[What to produce] Starting at the first line of the material below and stopping after the line that includes "Beautiful updated zero", write the lines out again exactly. Drop any pictures.
※ ※ ※
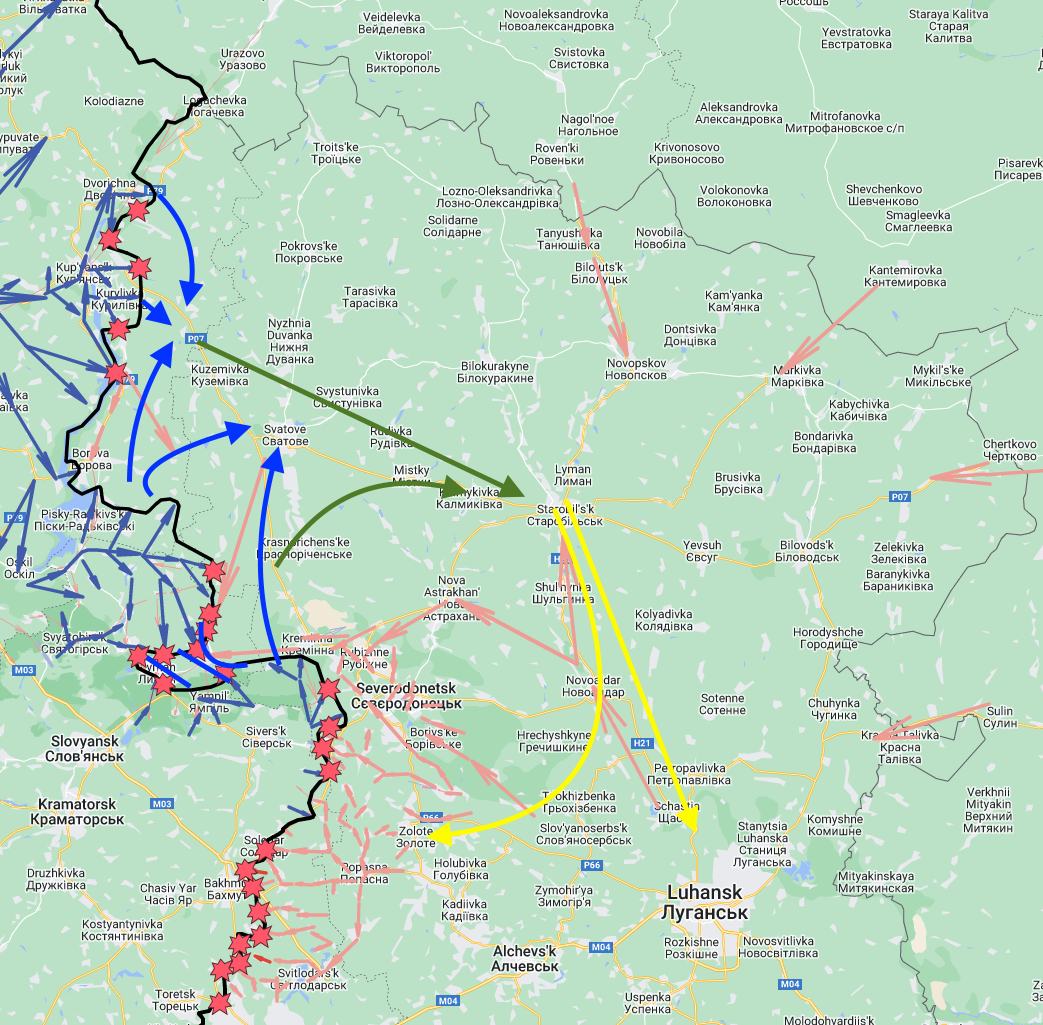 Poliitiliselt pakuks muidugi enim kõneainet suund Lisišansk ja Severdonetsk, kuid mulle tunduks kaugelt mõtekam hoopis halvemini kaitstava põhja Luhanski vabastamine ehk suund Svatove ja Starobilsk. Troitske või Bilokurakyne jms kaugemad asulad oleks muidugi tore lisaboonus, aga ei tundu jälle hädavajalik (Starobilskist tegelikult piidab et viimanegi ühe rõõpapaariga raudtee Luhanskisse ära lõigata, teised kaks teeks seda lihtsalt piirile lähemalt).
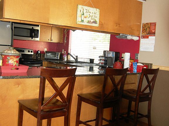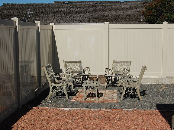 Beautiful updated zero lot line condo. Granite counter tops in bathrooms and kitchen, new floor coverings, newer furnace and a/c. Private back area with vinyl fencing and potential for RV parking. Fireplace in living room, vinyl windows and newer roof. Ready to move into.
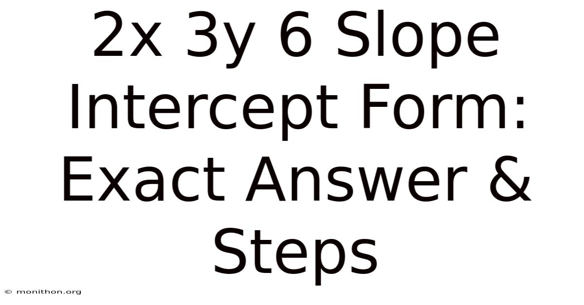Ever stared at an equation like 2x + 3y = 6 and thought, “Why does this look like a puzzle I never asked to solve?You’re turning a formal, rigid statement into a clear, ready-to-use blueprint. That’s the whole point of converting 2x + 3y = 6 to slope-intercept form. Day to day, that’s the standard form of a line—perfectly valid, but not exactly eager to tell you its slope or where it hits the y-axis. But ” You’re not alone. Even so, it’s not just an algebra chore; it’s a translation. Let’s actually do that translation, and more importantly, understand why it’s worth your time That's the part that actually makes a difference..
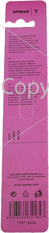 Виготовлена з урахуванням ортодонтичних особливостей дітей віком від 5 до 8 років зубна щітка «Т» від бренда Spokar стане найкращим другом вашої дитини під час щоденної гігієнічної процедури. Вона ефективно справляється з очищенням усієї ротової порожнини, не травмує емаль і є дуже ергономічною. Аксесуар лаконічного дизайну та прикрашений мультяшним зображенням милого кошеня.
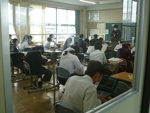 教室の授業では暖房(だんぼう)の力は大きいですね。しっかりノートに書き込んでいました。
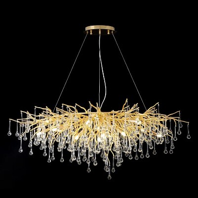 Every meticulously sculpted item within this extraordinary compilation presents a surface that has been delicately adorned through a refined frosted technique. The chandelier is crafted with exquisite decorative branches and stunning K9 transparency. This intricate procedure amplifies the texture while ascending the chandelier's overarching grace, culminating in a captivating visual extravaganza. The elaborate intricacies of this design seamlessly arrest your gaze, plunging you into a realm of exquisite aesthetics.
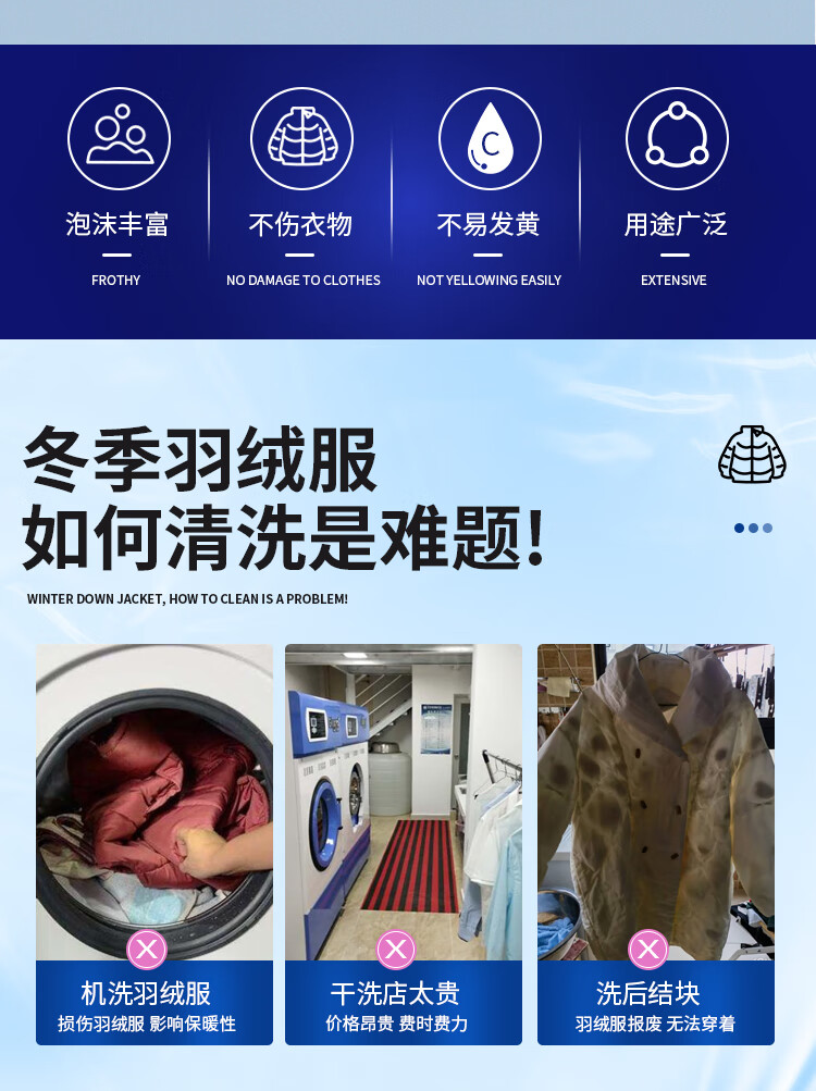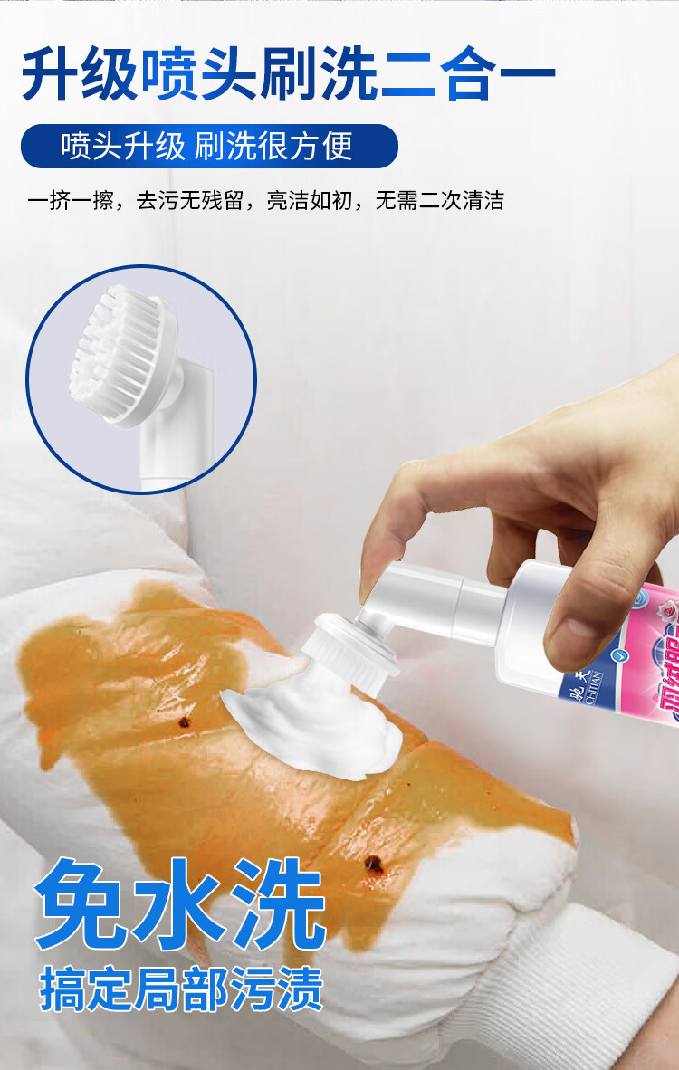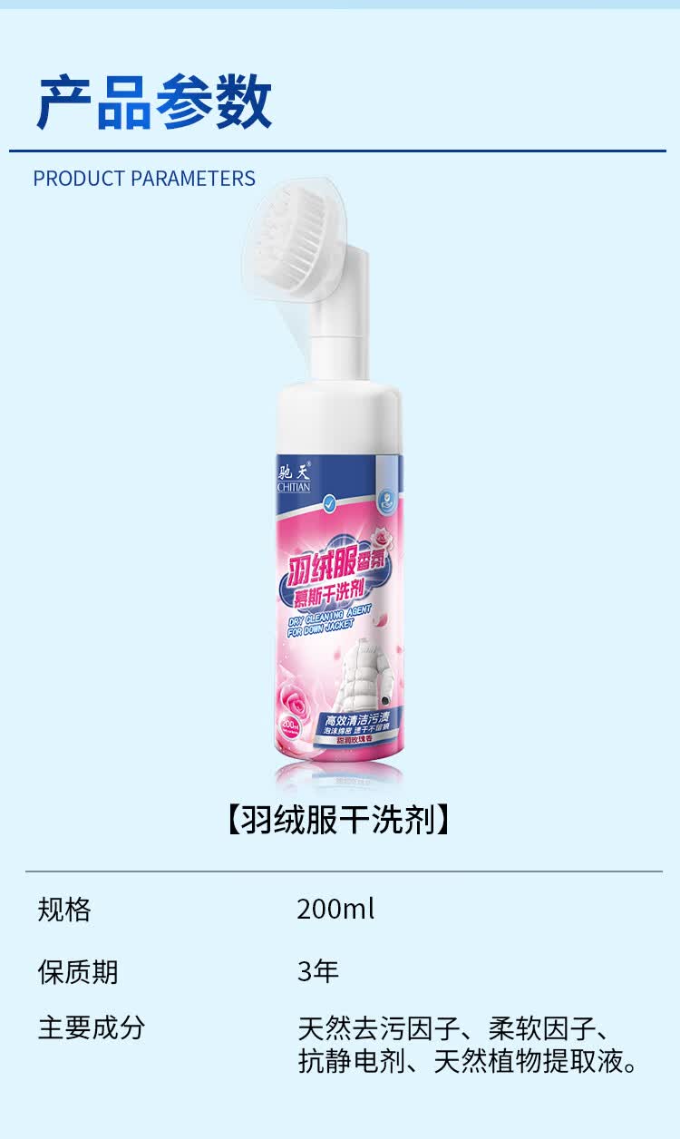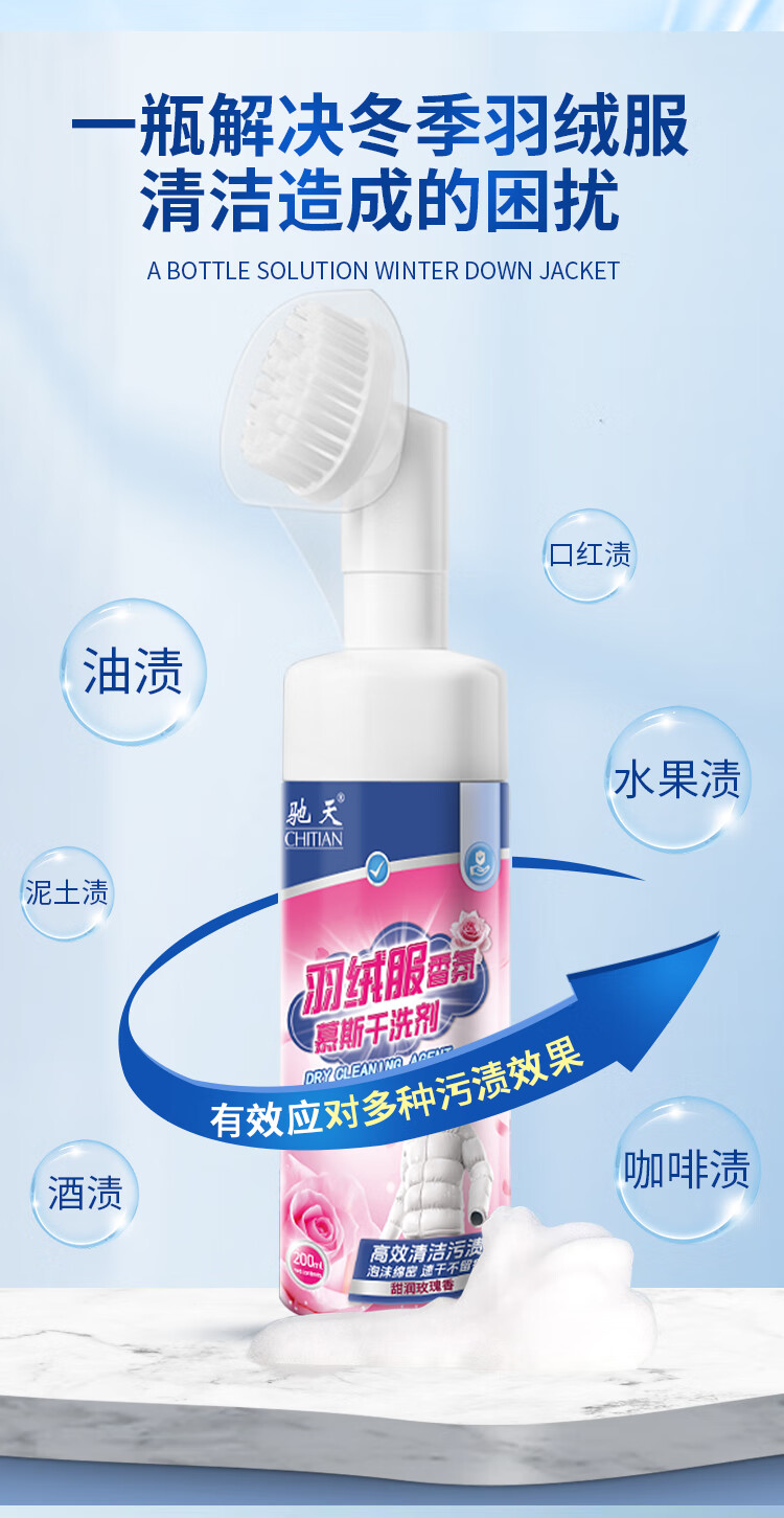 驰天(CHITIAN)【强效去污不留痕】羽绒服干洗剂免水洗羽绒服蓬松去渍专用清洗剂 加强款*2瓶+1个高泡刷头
※ ※ ※
[Exercise response]
 Poliitiliselt pakuks muidugi enim kõneainet suund Lisišansk ja Severdonetsk, kuid mulle tunduks kaugelt mõtekam hoopis halvemini kaitstava põhja Luhanski vabastamine ehk suund Svatove ja Starobilsk. Troitske või Bilokurakyne jms kaugemad asulad oleks muidugi tore lisaboonus, aga ei tundu jälle hädavajalik (Starobilskist tegelikult piidab et viimanegi ühe rõõpapaariga raudtee Luhanskisse ära lõigata, teised kaks teeks seda lihtsalt piirile lähemalt).
 Beautiful updated zero lot line condo. Granite counter tops in bathrooms and kitchen, new floor coverings, newer furnace and a/c. Private back area with vinyl fencing and potential for RV parking. Fireplace in living room, vinyl windows and newer roof. Ready to move into.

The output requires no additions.